- **Work required**: Keep every word of the listing and drop the images when you write it out.

(Given material)

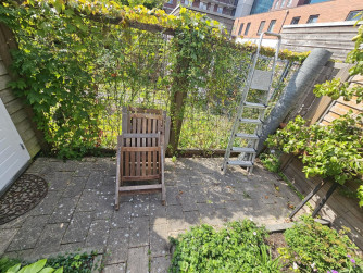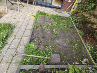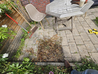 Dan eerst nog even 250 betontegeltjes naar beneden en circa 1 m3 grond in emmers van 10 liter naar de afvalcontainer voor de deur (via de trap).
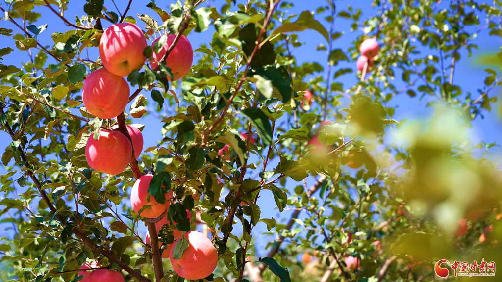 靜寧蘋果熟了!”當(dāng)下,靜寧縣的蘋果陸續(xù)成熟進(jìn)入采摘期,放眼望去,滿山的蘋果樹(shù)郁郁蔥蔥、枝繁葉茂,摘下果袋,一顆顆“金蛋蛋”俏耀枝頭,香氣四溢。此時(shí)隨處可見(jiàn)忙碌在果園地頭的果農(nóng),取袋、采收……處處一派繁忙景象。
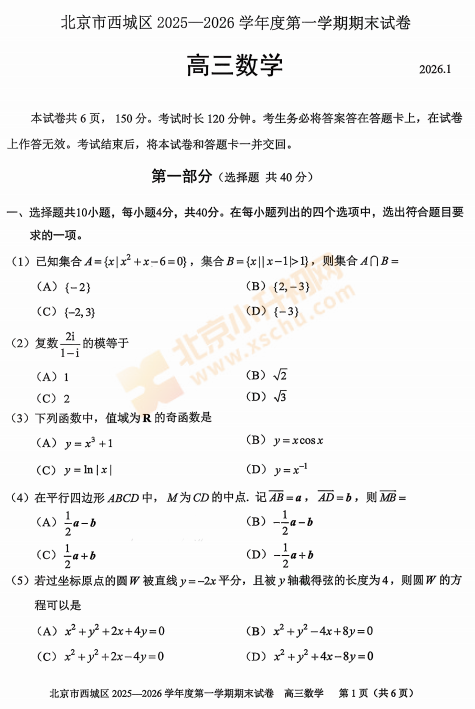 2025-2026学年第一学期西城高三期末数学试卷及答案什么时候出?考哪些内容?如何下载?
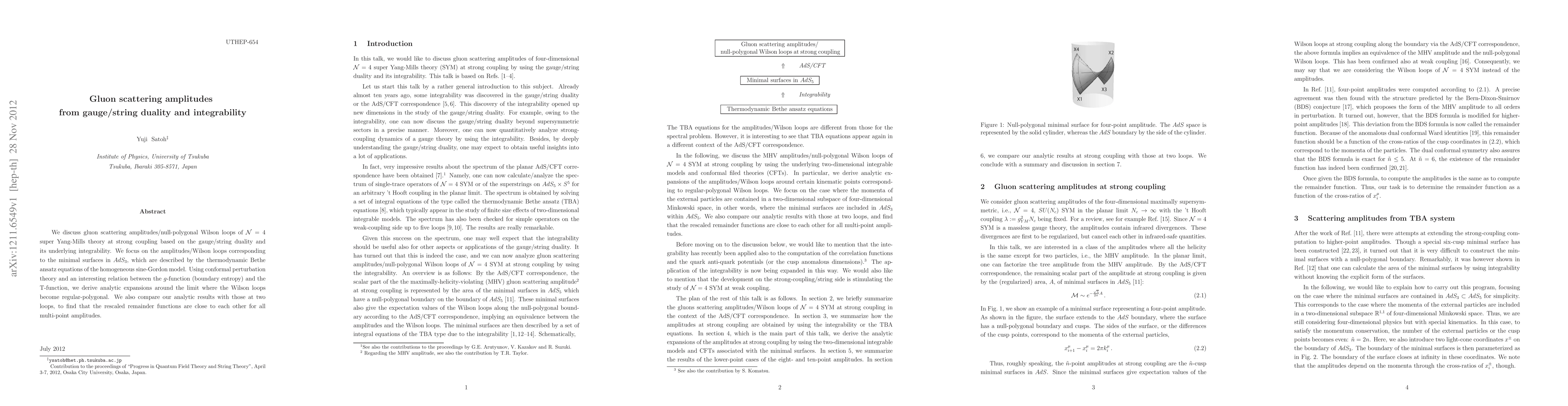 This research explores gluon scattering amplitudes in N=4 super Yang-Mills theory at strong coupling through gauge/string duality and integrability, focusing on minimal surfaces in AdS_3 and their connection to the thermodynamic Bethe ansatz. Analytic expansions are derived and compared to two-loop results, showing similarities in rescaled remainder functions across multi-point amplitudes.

(End Given material)

- **Result for this task**:
 Dan eerst nog even 250 betontegeltjes naar beneden en circa 1 m3 grond in emmers van 10 liter naar de afvalcontainer voor de deur (via de trap).
 靜寧蘋果熟了!”當(dāng)下,靜寧縣的蘋果陸續(xù)成熟進(jìn)入采摘期,放眼望去,滿山的蘋果樹(shù)郁郁蔥蔥、枝繁葉茂,摘下果袋,一顆顆“金蛋蛋”俏耀枝頭,香氣四溢。此時(shí)隨處可見(jiàn)忙碌在果園地頭的果農(nóng),取袋、采收……處處一派繁忙景象。
 2025-2026学年第一学期西城高三期末数学试卷及答案什么时候出?考哪些内容?如何下载?
 This research explores gluon scattering amplitudes in N=4 super Yang-Mills theory at strong coupling through gauge/string duality and integrability, focusing on minimal surfaces in AdS_3 and their connection to the thermodynamic Bethe ansatz. Analytic expansions are derived and compared to two-loop results, showing similarities in rescaled remainder functions across multi-point amplitudes.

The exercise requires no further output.